## AIM OF THE EXERCISE
Beginning at the line containing "Jonangu in Fushimi, Kyoto, Kyoto", give again every line through the end of the data, unchanged and with both ends included. Drop any pictures.

## DATA SECTION
┏━━
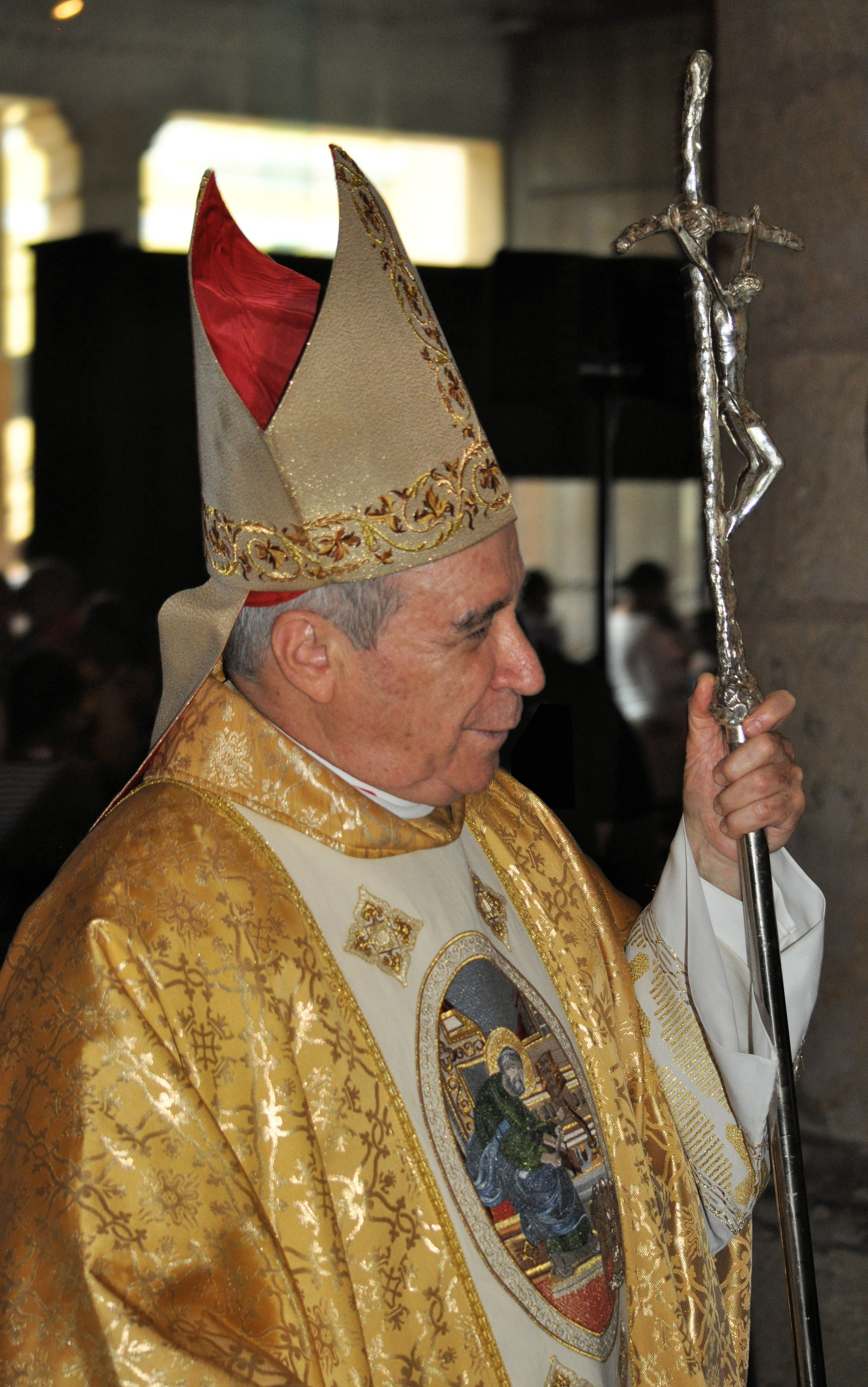 Cardinal Nicolás de Jesús López Rodríguez - Cathedral Primada of Americas - Easter Sunday 2013
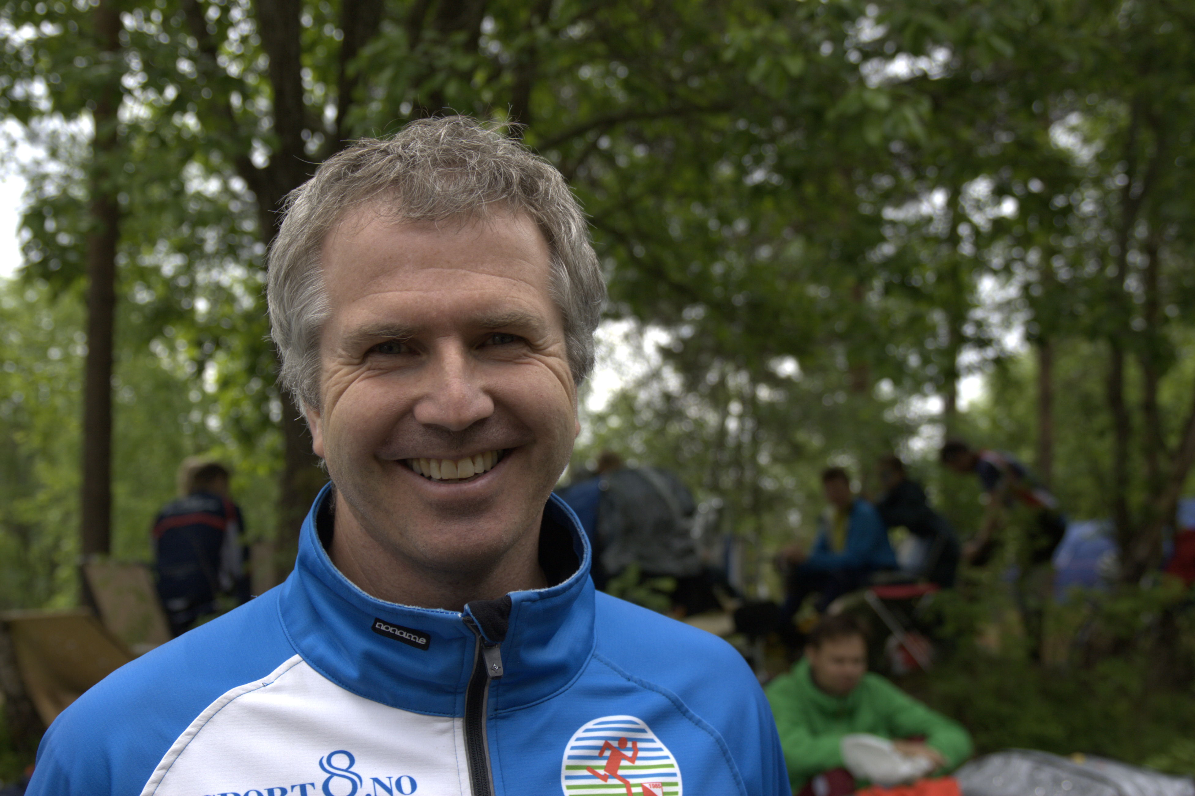 Vidar Benjaminsen pictured while he organized an orienteering race.
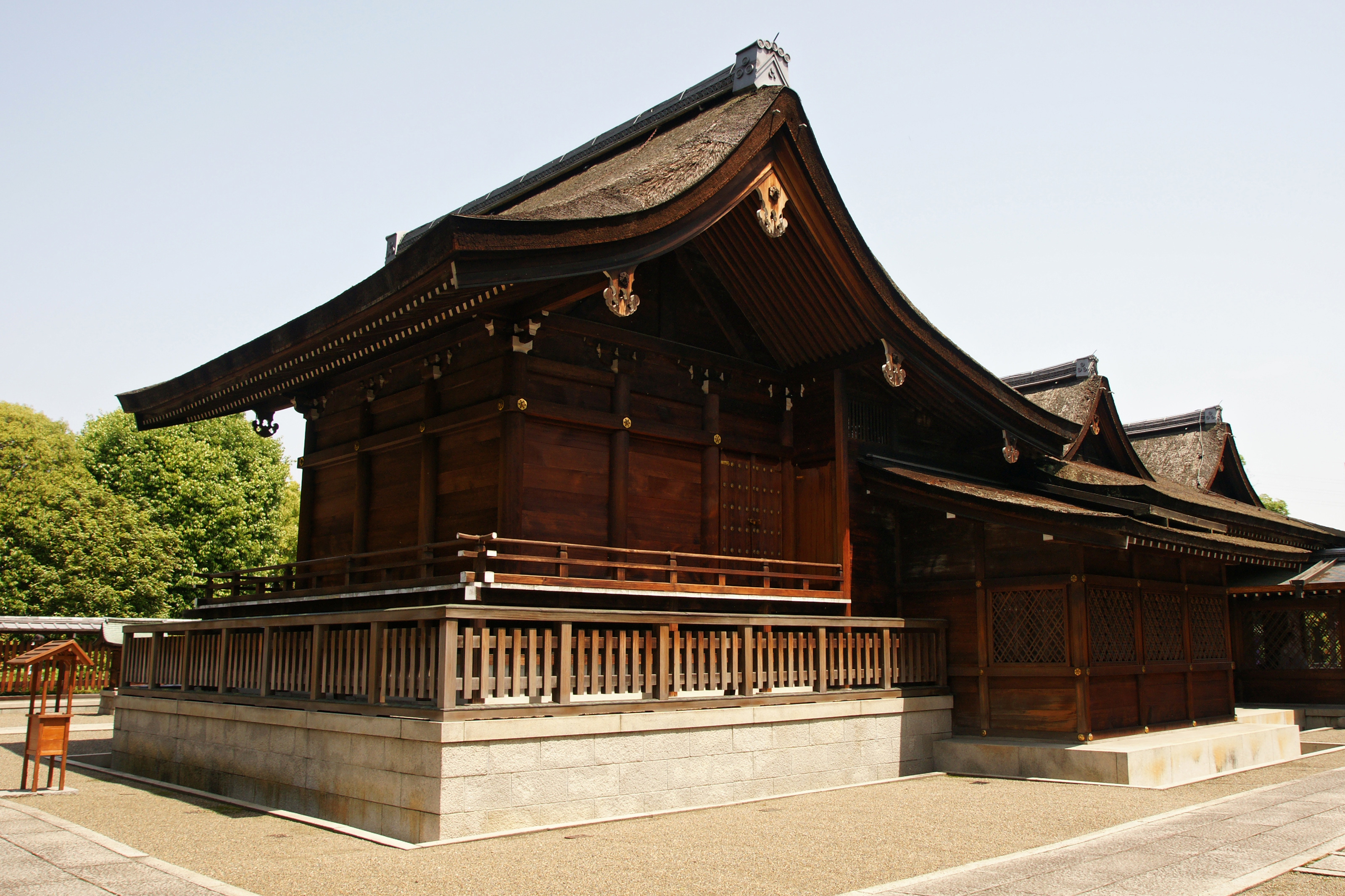 Jonangu in Fushimi, Kyoto, Kyoto prefecture, Japan
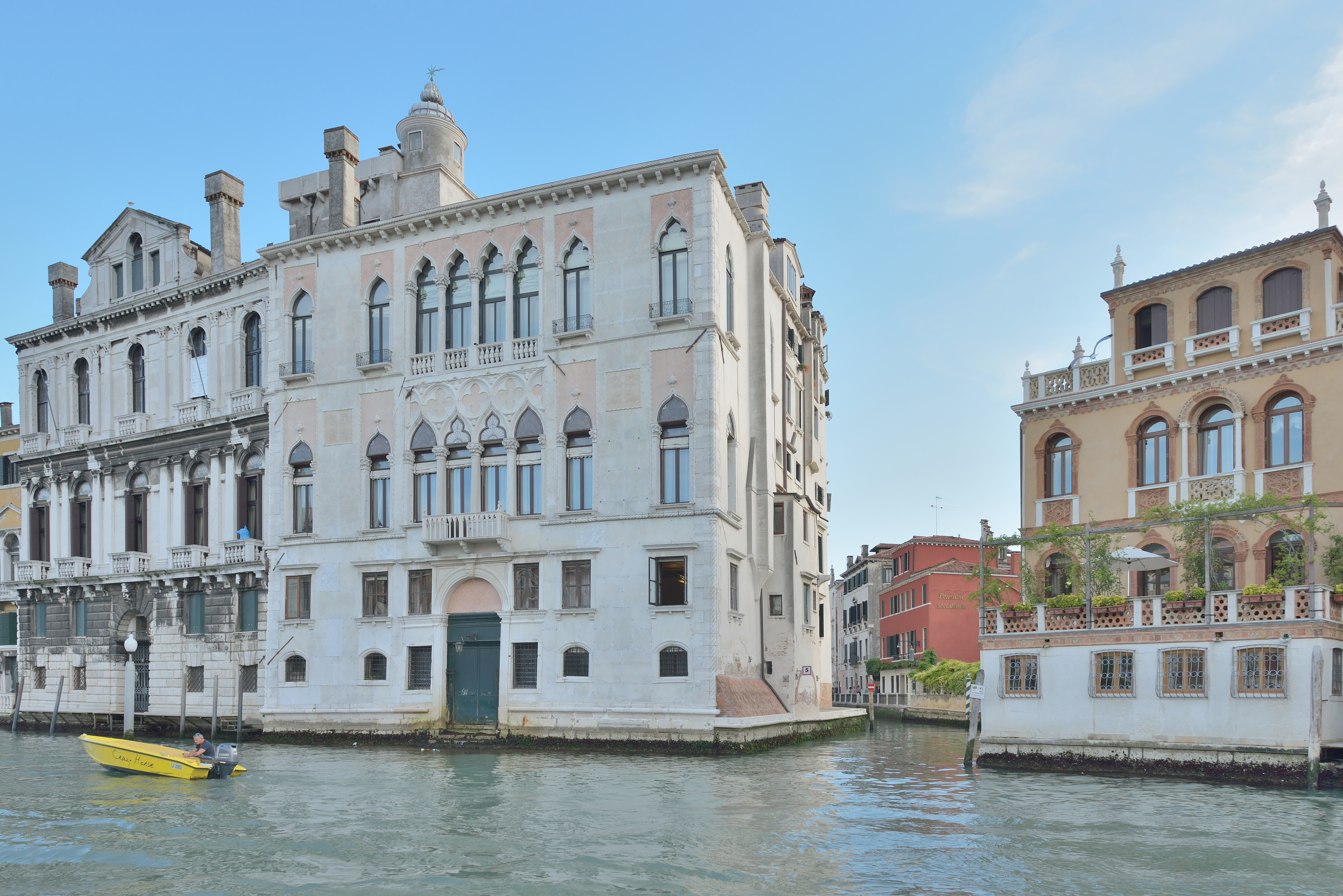 Palazzi Contarini degli Scrigni e Corfù, in Venice. Facade on Grand Canal.
┗━━
## WORKED SOLUTION
 Jonangu in Fushimi, Kyoto, Kyoto prefecture, Japan
 Palazzi Contarini degli Scrigni e Corfù, in Venice. Facade on Grand Canal.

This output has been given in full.